Didn't you say that "the Western emancipation" was to blame?  

Now seriously, it's interesting that handwriting style has been mentioned here and there, throughout this thread...  Have any of you heard of gender guessing through _graphology_?  I know that's not quite what we're discussing in here, but the Anima vs. Animus individual conceptions that graphology uses, are not linked only to handwriting, but also to writing styles...

Sorry I don't run an on-line search before throwing this into the melting pot (some links could come in handy), but I don't have unlimited on-line access from this PC.  Can somebody give a hand on that?


----------



## Crescent

What an interesting thread, I must admit! 

Although I have to say, I was slightly confused when reading some of the posts, as to why they were talking about handwriting - we can't really see it here on the forums, online, anyway..

But from my point of view, I think it is usually (and I'd say it works for about 85% of the time) very possible to distinguish the sex of a forero according to their writing style on the forums. And I think I've not made many mistakes in my guessings of a forero's sex - not to say that I am good at it, it's just that I believe that there are general characteristics which classify the catergories of ''feminism'' and ''masculinity'' in style of writing.

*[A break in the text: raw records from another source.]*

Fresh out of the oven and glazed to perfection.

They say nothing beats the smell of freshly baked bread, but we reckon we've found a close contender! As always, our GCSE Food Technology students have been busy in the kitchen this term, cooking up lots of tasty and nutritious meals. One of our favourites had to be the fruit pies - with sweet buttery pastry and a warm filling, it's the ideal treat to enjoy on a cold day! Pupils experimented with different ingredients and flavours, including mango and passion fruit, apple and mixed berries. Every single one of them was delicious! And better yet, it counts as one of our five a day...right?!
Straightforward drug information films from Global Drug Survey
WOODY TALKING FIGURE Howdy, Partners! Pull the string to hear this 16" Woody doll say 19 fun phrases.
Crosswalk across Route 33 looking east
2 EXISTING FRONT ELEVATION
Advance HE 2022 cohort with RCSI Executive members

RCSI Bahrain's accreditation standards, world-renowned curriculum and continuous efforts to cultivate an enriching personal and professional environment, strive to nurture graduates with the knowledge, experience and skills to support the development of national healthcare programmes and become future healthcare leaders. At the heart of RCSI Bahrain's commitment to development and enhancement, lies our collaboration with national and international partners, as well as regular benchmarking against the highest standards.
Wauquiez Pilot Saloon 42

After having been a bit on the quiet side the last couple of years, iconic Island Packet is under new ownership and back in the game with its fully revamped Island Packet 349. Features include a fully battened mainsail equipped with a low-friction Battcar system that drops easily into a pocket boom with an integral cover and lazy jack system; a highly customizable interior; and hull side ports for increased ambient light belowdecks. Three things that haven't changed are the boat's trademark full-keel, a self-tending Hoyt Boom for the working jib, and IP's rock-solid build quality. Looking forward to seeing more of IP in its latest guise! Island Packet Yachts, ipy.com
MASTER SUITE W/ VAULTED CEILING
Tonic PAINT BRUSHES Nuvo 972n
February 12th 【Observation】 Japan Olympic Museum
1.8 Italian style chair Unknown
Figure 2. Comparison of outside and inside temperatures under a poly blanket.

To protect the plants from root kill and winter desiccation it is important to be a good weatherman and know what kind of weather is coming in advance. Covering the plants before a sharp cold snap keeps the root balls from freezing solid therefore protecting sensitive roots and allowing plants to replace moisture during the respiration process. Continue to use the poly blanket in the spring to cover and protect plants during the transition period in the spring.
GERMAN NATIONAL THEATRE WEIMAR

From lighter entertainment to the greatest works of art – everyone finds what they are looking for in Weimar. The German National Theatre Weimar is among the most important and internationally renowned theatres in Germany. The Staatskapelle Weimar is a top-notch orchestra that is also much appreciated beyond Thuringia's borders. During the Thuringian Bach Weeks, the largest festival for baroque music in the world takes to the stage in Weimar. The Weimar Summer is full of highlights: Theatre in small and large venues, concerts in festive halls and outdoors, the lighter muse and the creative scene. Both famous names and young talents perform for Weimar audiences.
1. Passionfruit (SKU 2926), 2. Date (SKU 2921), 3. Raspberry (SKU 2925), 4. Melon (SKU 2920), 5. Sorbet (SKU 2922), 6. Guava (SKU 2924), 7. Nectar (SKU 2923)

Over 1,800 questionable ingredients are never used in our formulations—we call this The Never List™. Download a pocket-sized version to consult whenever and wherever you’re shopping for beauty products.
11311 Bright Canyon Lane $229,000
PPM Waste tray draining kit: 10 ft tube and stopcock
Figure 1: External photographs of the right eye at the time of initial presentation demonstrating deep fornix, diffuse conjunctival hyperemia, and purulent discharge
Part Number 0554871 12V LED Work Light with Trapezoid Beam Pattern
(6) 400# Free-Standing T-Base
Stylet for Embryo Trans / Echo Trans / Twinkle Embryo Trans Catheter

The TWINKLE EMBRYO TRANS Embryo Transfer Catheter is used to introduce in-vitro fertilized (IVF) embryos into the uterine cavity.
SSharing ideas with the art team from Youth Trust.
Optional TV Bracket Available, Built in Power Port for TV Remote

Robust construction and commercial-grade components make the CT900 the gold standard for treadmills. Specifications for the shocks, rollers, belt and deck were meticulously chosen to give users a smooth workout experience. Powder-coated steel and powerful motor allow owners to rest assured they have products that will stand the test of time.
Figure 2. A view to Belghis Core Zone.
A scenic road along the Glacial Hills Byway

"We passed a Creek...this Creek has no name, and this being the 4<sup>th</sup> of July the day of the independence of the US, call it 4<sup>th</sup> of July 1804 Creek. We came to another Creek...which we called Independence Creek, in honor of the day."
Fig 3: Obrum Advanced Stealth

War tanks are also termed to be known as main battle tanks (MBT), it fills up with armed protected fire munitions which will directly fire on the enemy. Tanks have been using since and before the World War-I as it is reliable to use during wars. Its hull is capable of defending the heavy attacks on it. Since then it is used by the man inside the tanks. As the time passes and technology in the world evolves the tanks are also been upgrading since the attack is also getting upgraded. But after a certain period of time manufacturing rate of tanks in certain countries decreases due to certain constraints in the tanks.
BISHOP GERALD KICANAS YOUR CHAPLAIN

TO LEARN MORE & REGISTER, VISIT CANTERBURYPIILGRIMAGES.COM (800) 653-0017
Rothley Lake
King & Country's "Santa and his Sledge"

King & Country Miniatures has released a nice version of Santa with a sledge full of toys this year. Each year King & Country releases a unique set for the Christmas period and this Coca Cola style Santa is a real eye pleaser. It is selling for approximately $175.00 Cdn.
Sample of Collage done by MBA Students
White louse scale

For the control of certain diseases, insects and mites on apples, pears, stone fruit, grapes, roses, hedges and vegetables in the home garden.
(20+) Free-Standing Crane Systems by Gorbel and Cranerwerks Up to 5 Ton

For example: it seems to me (and please oh please, do forgive me for generalisations! I realise that what I am saying is not always 100% the case, but these are just some of my observations  ) that females usually have a less ''formal'' style of writing. It's more relaxed, and sounds more like the way they talk in real life to the friends and family.
Once again, females, it seems to me, also tend to quite like to lean away from the original topic of the thread (most certainly including myself!! ) and make general (nicea and intersting) comments either about the subject, or about the other forerosparticipating in the thread (usually complimenting or thanking the other members of th community). 
I have to say that some males have a tendency to do that too - like some very nice people would often post trivial comments such as: _There is absolutely no need to apologise_. or _Everyone makes mistakes, don't worry about it! _in an answer to a comment usually made by the starter of the thread, such as: _Oh, dear! I really must practise my X(insert language) more often! *blushes*._ Or something along those lines. 

Then, again, nicknames and online names play a very important part in this! I have to say, that once (only once! ) I was confused for a male Crescent.(even though I'm very much a female one, and I always thought that the feminine side of my nature provided sufficient proof for that! *sniffles* ) But I think the majority of you could never really confuse me with a male... (at least I think so)!

And the last thing, which I believe really stands out - is the amount of smilies that our foreros use! Again, a generalisation, but I've noticed that in general women use a lot more than males! And whilst the girlie ones tend to be *smiles* and *blushes*, the males often feel the need to wink and grin at everyone!  
I have to say, that I myself very often use up all of my ''8 smilies limit'' in one post! Like, now, for example...I have no more smilies to use. *sad face*.. *giggles*..!


----------



## Kajjo

Venezuelan_sweetie said:


> Have any of you heard of gender guessing through _graphology_?


I recognise female and male handwriting of adult students with a reasonable, satisfying rate. However, I do not believe in deducing all kinds of personality traits by graphology, because I suppose that very many environmental and educational effects take place that have very significant influence on hand-writing without altering the fundamental personality.  Actually, there are personality factors that influence the hand-writing, but how consistently they do so? For example, meticulousness, insecurity or strong self-confidence, sometimes also arrogance and flippancy can be quite clearly seen in hand-writing.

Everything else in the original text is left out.